Jennifer Nicholson-USA TODAY Sports

Update: Iwakuma failed his physical with the Dodgers, so he has reunited with the Mariners. The Dodgers still need rotation help.

Last week, the Arizona Diamondbacks shocked the baseball world by signing Zack Greinke to a record contract. Many had seen the Dodgers as the favorites to land Greinke, and their failure to sign him left a huge hole in the their rotation. The Dodgers did not wait long to find a replacement, as they have reportedly signed Hisashi Iwakuma to a three-year, $45 million dollar contract.

While Iwakuma is unlikely to come anywhere close to performing as well as Zack Greinke did in 2015, he is still a nice addition for a team that has a lot of question marks in the rotation after Clayton Kershaw. Iwakuma has quitely put together a nice run of success in his time with the Mariners. In his four-year major league career, Iwakuma has posted a 3.17 ERA with a 3.62 FIP and 3.25 xFIP in 653 2/3 innings. Iwakuma's xFIP appears to be a better indicator of his true talent level than his FIP, as it adjusts for both his unusually high career strand rate (78.6 percent) and HR/FB rate (13.8 percent).

Iwakuma's success should not be a secret to major league teams at this point, but he may still end up being a steal for the Dodgers, especially given what they would have had to pay Zack Greinke. Steamer has Iwakuma projected for 184 innings with a 3.20 ERA, good for 3.6 fWAR. Greinke, on the other hand, is projected for 209 innings with a 3.04 ERA and 4.2 fWAR. Iwakuma is projected to provide 82 percent of the value of Greinke in 2016 in terms of fWAR, but the Dodgers got Iwakuma on a contract half as long -- three years vs. six years -- with an AAV less than half that of Greinke ($15 million vs. $34.4 million).

One factor that could have led to Iwakuma receiving a smaller contract is his age. Next year will be his age-35 season, and starting pitchers at that age are always a risk, especially on multi-year deals. As pitchers age, they tend to lose velocity and become more hittable overall. With Iwakuma, this could be a reason for concern, as he has seen a two mile per hour drop in his fourseam and sinker velocity since his debut in 2012. Iwakuma has never thrown hard, but in 2015, his fourseam averaged 89.1 MPH while his sinker averaged 88.5 MPH, according to Brooks Baseball.
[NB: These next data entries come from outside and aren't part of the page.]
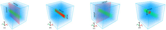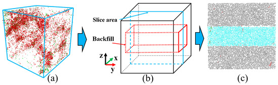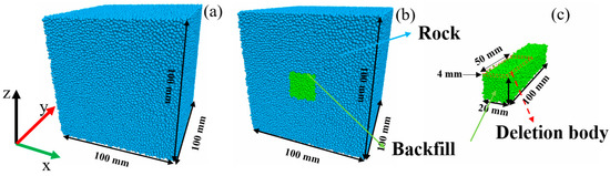 The size of the GSR is 100 mm × 100 mm × 100 mm, so the pure rock model of 100 mm × 100 mm × 100 mm was constructed first, as shown in Figure 5a. According to the requirement of the aperture size, the middle part of the area was removed to generate the backfill in the area, as shown in Figure 5b. According to the different RCFR, a small part of the backfill was deleted, as shown in Figure 5c, and a small block of 50 mm × 20 mm × 4 mm was deleted to achieve a 50% RCFR effect. In this way, 25 models composed of five kinds of goaf sizes and five kinds of RCFR were established, and the number of particles per type was more than 200,000.
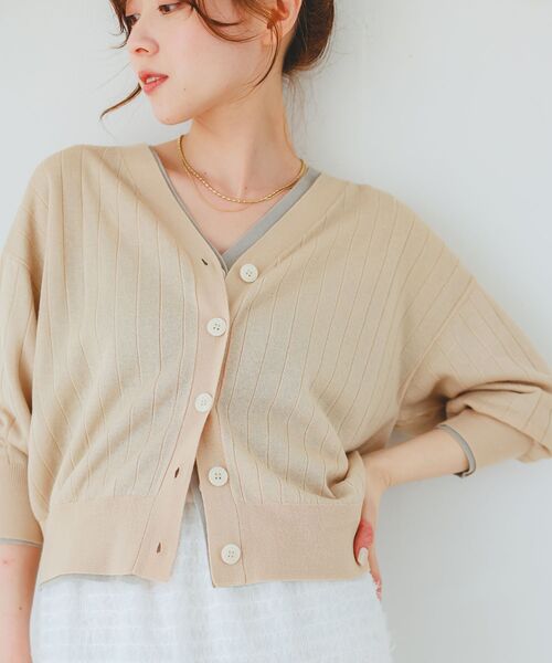 清涼感のあるシアー素材のカーディガン。 今シーズンはワイドリブの編地変化をつけて登場! ●ポイント リブ編みにすることで表面にポイントが加わりました。 程よいシアー感とほんのり光沢感のある糸を使用し、上品な大人の雰囲気を演出してくれます。 首元がすっきり見えるVネックデザイン。 ●おすすめコーデ 身頃は身体のラインを拾わないゆとりのあるシルエットとコンパクトな着丈で、スタイリングにトレンド感と軽やかさをプラスしてくれるおすすめの1枚です。 【スタッフ着用コメント】 〈スタッフA〉 20代後半/158cm/骨格ストレート/普段サイズM/着用サイズ38 サイズ感 :体のラインを拾わない程度にコンパクトめ。 素材感: 薄手でなめらかなニット素材。少し透け感があります。 着用感: 肌触りもサラッとしていて着心地◎初夏の羽織りにもおすすめです。 ※取り扱いについては、商品についている洗濯表示にてご確認下さい。 ※照明の関係により、実際よりも色味が違って見える場合がありますまたパソコン・スマートフォンなどの環境により、若干製品と画像のカラーが異なる場合もございます。 ※商品の色味は、商品アップ画像をご参照ください。 【注意事項】 ・画像の商品はサンプルです。 ・サイズ表記はあくまで目安となります。 実際の商品と仕様、加工が若干異なる場合があります。
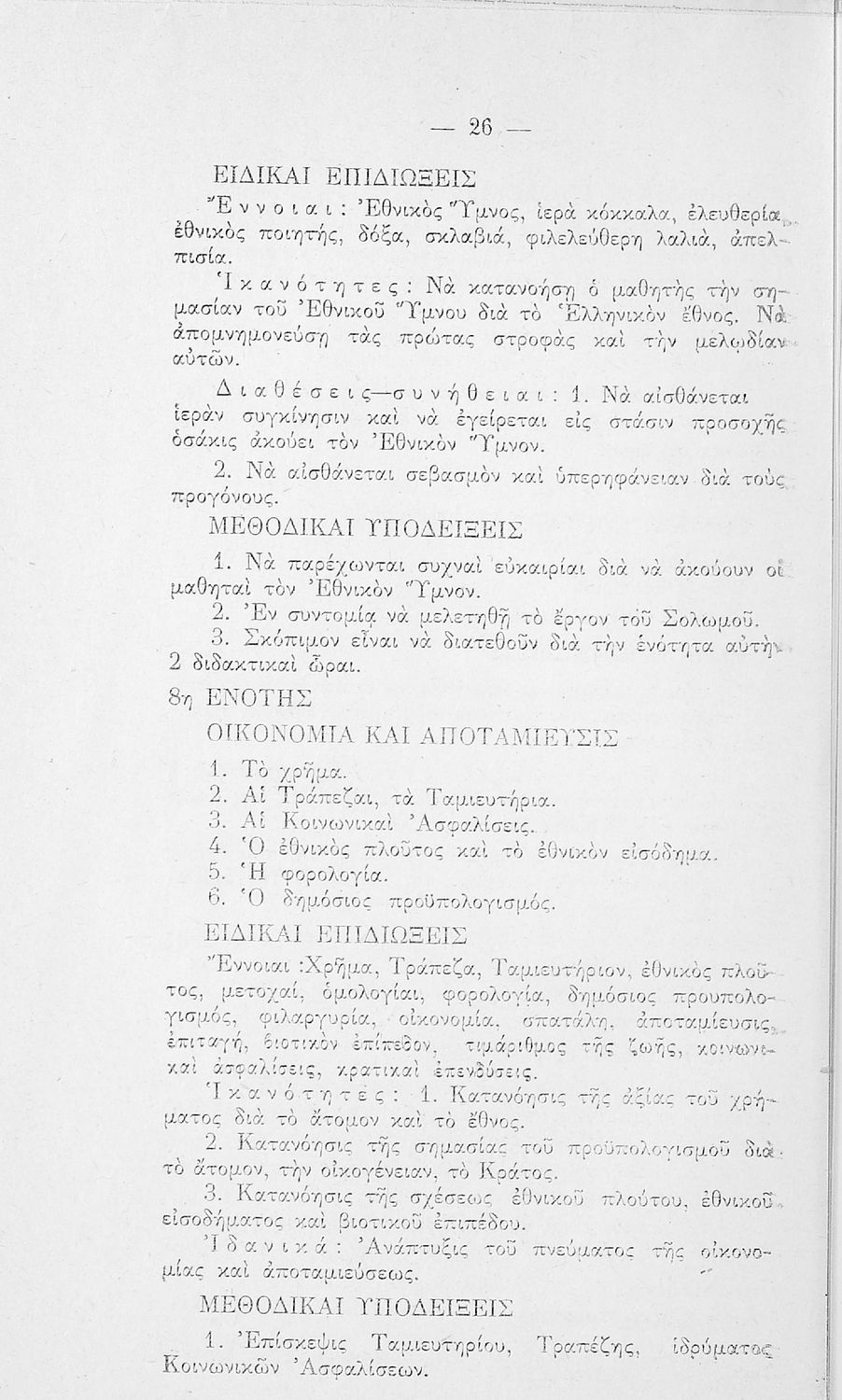 Περί του αναλυτικού και ωρολογίου προγράμματος των Πατριδογνωστικών μαθημάτων των Δημοτικών Σχολείων
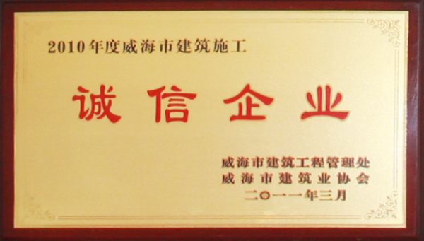 公司連續(xù)八年榮獲威海市“誠信開發(fā)企業(yè)”、“建筑施工誠信企業(yè)”,連續(xù)九年被評為威海市級“守合同重信用企業(yè)”,多次被評為威海市“市級文明單位”、“質(zhì)量管理先進(jìn)企業(yè)”、 “安全管理先進(jìn)企業(yè)”,乳山市“優(yōu)秀企業(yè)”、“先進(jìn)民營企業(yè)”、“納稅明星企業(yè)”,在社會上逐步樹立了誠信、穩(wěn)健的企業(yè)形象。
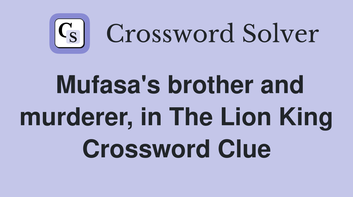 Mufasa s brother and murderer in The Lion King Crossword Clue
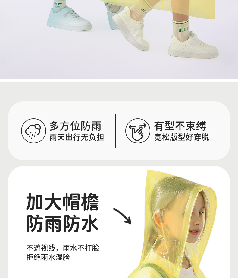儿童一次性雨衣大帽檐雨衣小学生上学专用Peva雨衣长款连体雨衣

The good news for Iwakuma is that he has a deep arsenal of pitches that he is comfortable using in just about any situation. In 2015, Iwakuma threw four pitches (fourseam, sinker, slider, splitter) at least 17 percent of the time and no more than 25 percent of the time. He also threw a curveball nearly eight percent of the time. With his pitch mix, Iwakuma can find multiple ways to get hitters out, and he is able to consistently keep hitters off balance by being harder to predict with his pitch selection. While Iwakuma's velocity may continue to decline, he should be able to age gracefully as long as he maintains his deep arsenal of pitches.

Iwakuma also has a good chance of maintaining his level of success late into his 30s due to his impeccable control. After posting a mediocre 8.3 percent walk rate in his first season in 2012, Iwakuma has nearly cut that rate in half by posting a walk rate below five percent in three consecutive seasons. He refuses to give opposing teams extra baserunners, and he also misses bats enough (21.1 career strikeout rate) to be an above average starting pitcher.

Because of injury issues and a lack of rotation depth, the Dodgers badly needed a starting pitcher to slot in behind Clayton Kershaw, They may have missed out on Zack Greinke, but they got one of the best remaining free agent starters in Hisashi Iwakuma. Iwakuma will cost the Dodgers a draft pick, since he received a qualifying offer, but the Dodgers should still be pleased with this deal, as they got a potential three-win pitcher at a bargain rate of $15 million per season. Iwakuma will not be able to replicate what Zack Greinke did in 2015, but he will likely provide some of the same value at a fraction of the cost.